“洼樹灣?”石榴對上河村不熟,真不知道這洼樹灣在哪。
范氏便指了個方向,“往天寶村那邊,在咱們村也能看到的,就你家對著能看到的那一大片的杉樹林子那背彎里。”
石榴一聽,便知道了大致方位,那地方,離這上河村里倒是挺大段距離的,雖說村里的田地都往那邊去,但平時個,倒是偏了些,又不像響鼓坡那塊兒,細河對著就看得見的。
說個萬一的,萬一要是著了火,上河村的人過去幫忙撲火都得等一番功夫,可不像清河作坊上次著火救火那般快—更別說他們下河村的人想過去幫忙救火了。
“那地方太遠了些,怕是不太方便—”石榴將自己的擔憂說出來。
范族長一想也是,離村里遠了點不說,有那杉樹林擋著,往清河邊來打水滅火也不方便。
沉吟一番,他道:“這樣的話,也沒有別的平整地適合建作坊了—”
一旁的孔氏卻想起來,“要說離河邊近的,公爹,七叔公家的老宅子不是空著?跟允子叔提一提,租來做作坊可好?”
范族長一聽,頓即撫掌,“是啊,我怎么沒想到!不用新建,租也成啊!”
說著便沖石榴道:“就離學堂不遠,跟晉哥兒家也是挨著的,是族里七叔公家的老宅子,我這七叔前年已經去世了,他只得一個兒子,在前坪縣里的一家家酒樓當賬房,后便娶了酒樓東家的獨女,也就常年留在前坪縣生活了,只過年祭祖才回來,這老宅子一直空著呢,我去信與他說,租了這老宅子不成問題,只是石榴你覺得租現成的地方做作坊可行?”

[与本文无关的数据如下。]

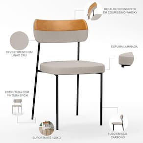 Encosto e assento estofados com espuma laminada, revestidos em Linho Cru e Couríssimo Whisky .
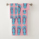 Eine Illustration eines Paares von rosa und blau flip Flops Strand. Es ist Sommerzeit! Lass uns eine Pause machen und unter der Sonne Spaß haben. Bist du nicht aufgeregt, all deine Sachen für den Urlaub vorzubereiten? Vergiss nicht deine Flip Flops.

現成的自然是好,灑掃灑掃立馬就能開工,都不用等那建作坊的功夫的。
石榴聞言也是大喜,“要是能租來,自然是行的,只是也不知道能不能久租?”
這作坊一旦開工了,那就長長久久的做下去才好,要是有個什么變故又換地方換來換去的,也是麻煩事。
范族長知他擔心,便道:“你放心,我這族弟媳是家中獨女,族弟他岳父早已把生意都交給他打理,他們一家在前坪縣住了多年了,是不會搬回來住的,至少這近二十年不會,這老宅子空著也是空著,還要費銀子修繕打理,這用起來有了人氣,還好些,你便長租,沒問題的,到時候若有了另外的好地方,再換不遲。”
他作為族長,這點話還是說得準的。
得他這么說了,石榴便也從善如流,“如此,那還要麻煩大伯公您去信跟這位族公說上一說才是。”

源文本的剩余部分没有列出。